Task goal: Within the records below, repeat each line exactly but keep every picture out of the copy.

Material for this task:
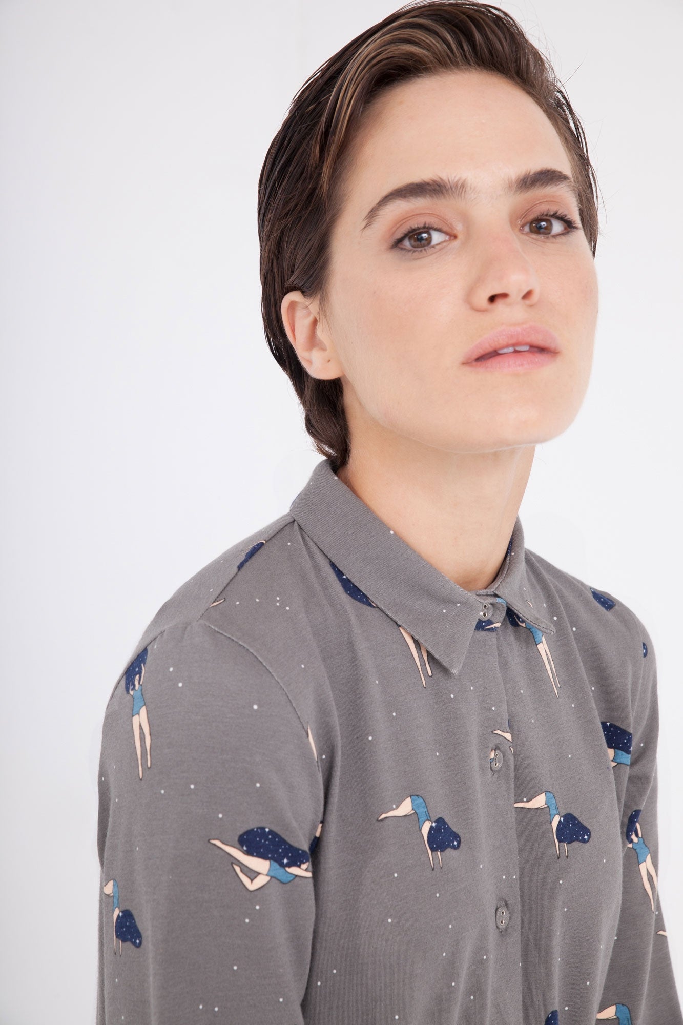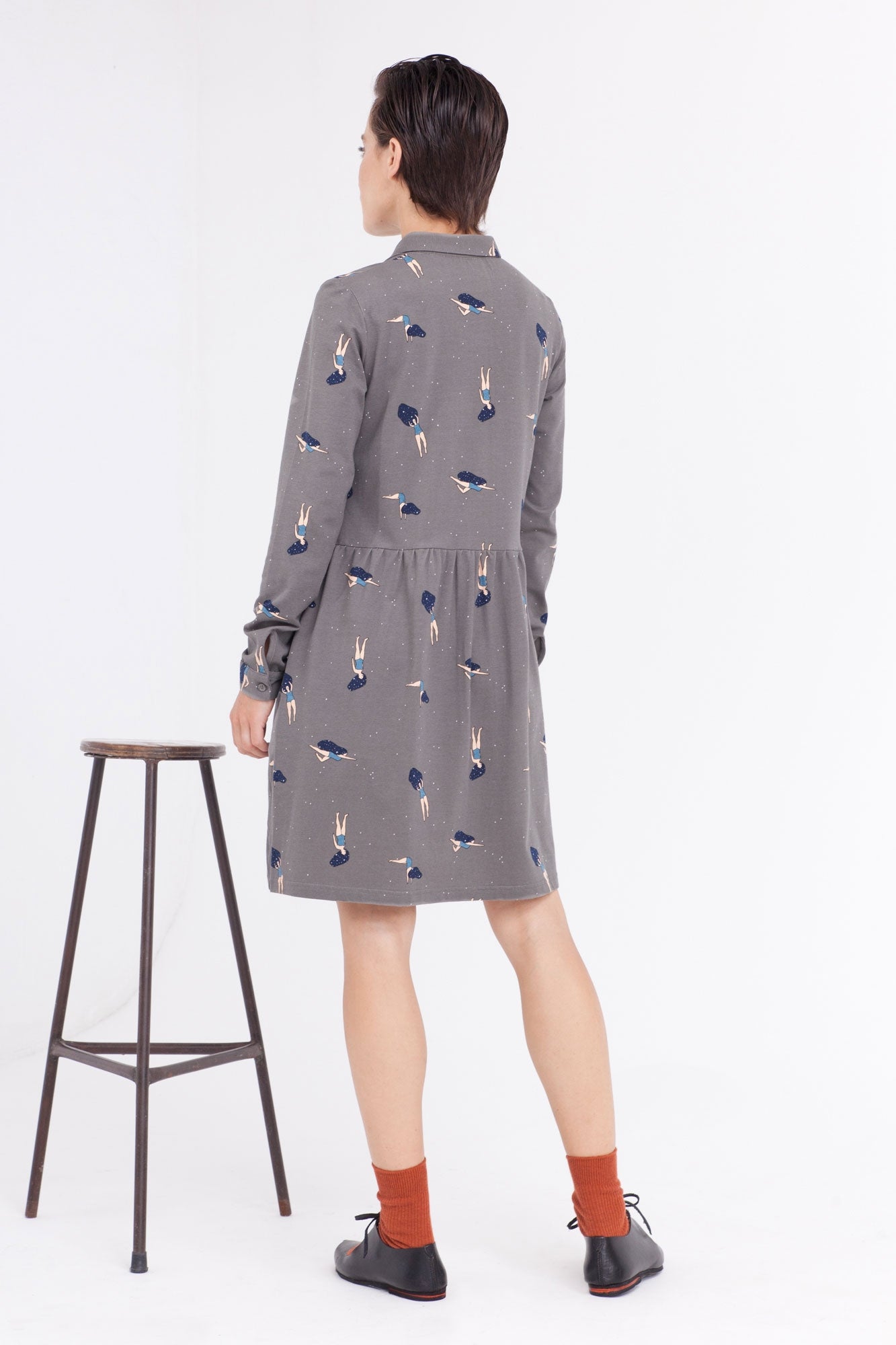 Nuestro vestido camisero color gris con estampado bailando en el cosmos es un clásico en nuestras coleciones, esta vez le hemos añadido unos bolsillos laterales para darle más versatilidad. Es un vestido que se adapta y sienta maravillosamente bien a todo tipo de cuerpos. Tiene botones funcionales que van ideal si estás dando el pecho. Ropa de mujer ecológica confeccionada en algodón orgánico GOTS de comercio justo.
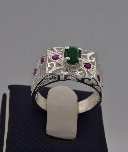 AAE 9811 Chandi Ring 925, Stone Emerald (Zamurd)
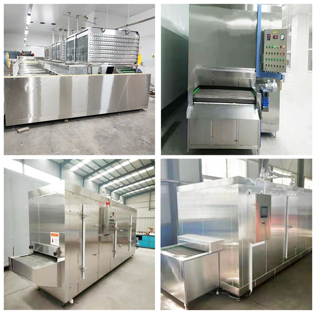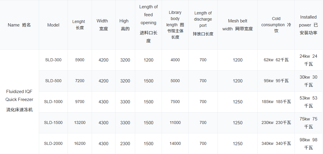 This quick-freezing device series is a necessary equipment for realizing the fluidized monomer freezing of fruits and vegetables, fresh foods and some seafood. The product will not be deformed or broken to a large extent during the freezing process. The operation of the mesh belt is infinitely variable, and the speed range is wide. The user can change the running speed of the mesh belt according to the different materials, thereby changing the freezing time. When the frozen product moves on the stainless-steel conveyor belt, the frozen crystal layer starts to move with the increase of the airflow speed. When the wind pressure reaches a certain value, the food no longer remains stationary, and the food is blown vertically upward at a high speed, and part of it is suspended. Upward, causing the bed to expand and the porosity to increase, that is, a fluidized bed is formed; the suspended particles are surrounded by low temperature and air temperature, and the frozen product is rapidly frozen to form monomers. At the same time, a mechanical impulse vibration device is designed under the mesh belt, and the food particles are separated by vibration while the surface of the food particles are frozen, effectively avoiding mutual adhesion. The frozen product is quickly passed through three stages of cooling, surface freezing, and deep freezing to form the highest quality frozen product.
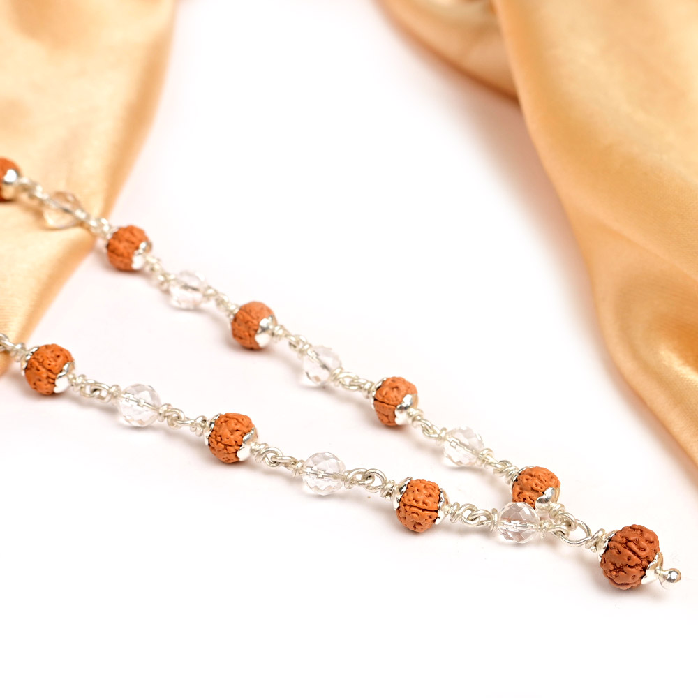 The Rudraksha beads used are of superior quality, with clearly defined mukhi lines and a natural, robust exterior. The Sphatik beads are precision-cut and polished to enhance brilliance and energetic clarity, making them both spiritually and visually striking.
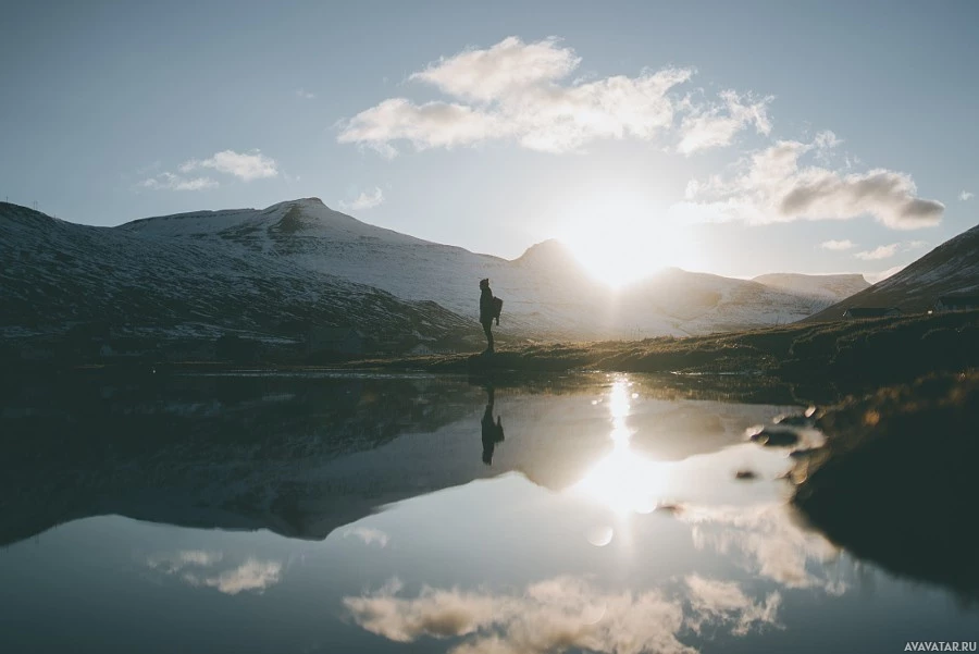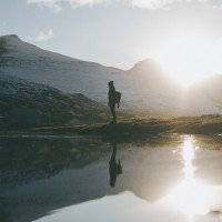 a body of water. A silhouette of what appears to be a person is visible on the far side of the lake, adding a human element to the scene. In the background, there are mountains that appear to be covered in snow, suggesting this might be a colder climate or

Response to this exercise:
 Nuestro vestido camisero color gris con estampado bailando en el cosmos es un clásico en nuestras coleciones, esta vez le hemos añadido unos bolsillos laterales para darle más versatilidad. Es un vestido que se adapta y sienta maravillosamente bien a todo tipo de cuerpos. Tiene botones funcionales que van ideal si estás dando el pecho. Ropa de mujer ecológica confeccionada en algodón orgánico GOTS de comercio justo.
 AAE 9811 Chandi Ring 925, Stone Emerald (Zamurd)
 This quick-freezing device series is a necessary equipment for realizing the fluidized monomer freezing of fruits and vegetables, fresh foods and some seafood. The product will not be deformed or broken to a large extent during the freezing process. The operation of the mesh belt is infinitely variable, and the speed range is wide. The user can change the running speed of the mesh belt according to the different materials, thereby changing the freezing time. When the frozen product moves on the stainless-steel conveyor belt, the frozen crystal layer starts to move with the increase of the airflow speed. When the wind pressure reaches a certain value, the food no longer remains stationary, and the food is blown vertically upward at a high speed, and part of it is suspended. Upward, causing the bed to expand and the porosity to increase, that is, a fluidized bed is formed; the suspended particles are surrounded by low temperature and air temperature, and the frozen product is rapidly frozen to form monomers. At the same time, a mechanical impulse vibration device is designed under the mesh belt, and the food particles are separated by vibration while the surface of the food particles are frozen, effectively avoiding mutual adhesion. The frozen product is quickly passed through three stages of cooling, surface freezing, and deep freezing to form the highest quality frozen product.
 The Rudraksha beads used are of superior quality, with clearly defined mukhi lines and a natural, robust exterior. The Sphatik beads are precision-cut and polished to enhance brilliance and energetic clarity, making them both spiritually and visually striking.
 a body of water. A silhouette of what appears to be a person is visible on the far side of the lake, adding a human element to the scene. In the background, there are mountains that appear to be covered in snow, suggesting this might be a colder climate or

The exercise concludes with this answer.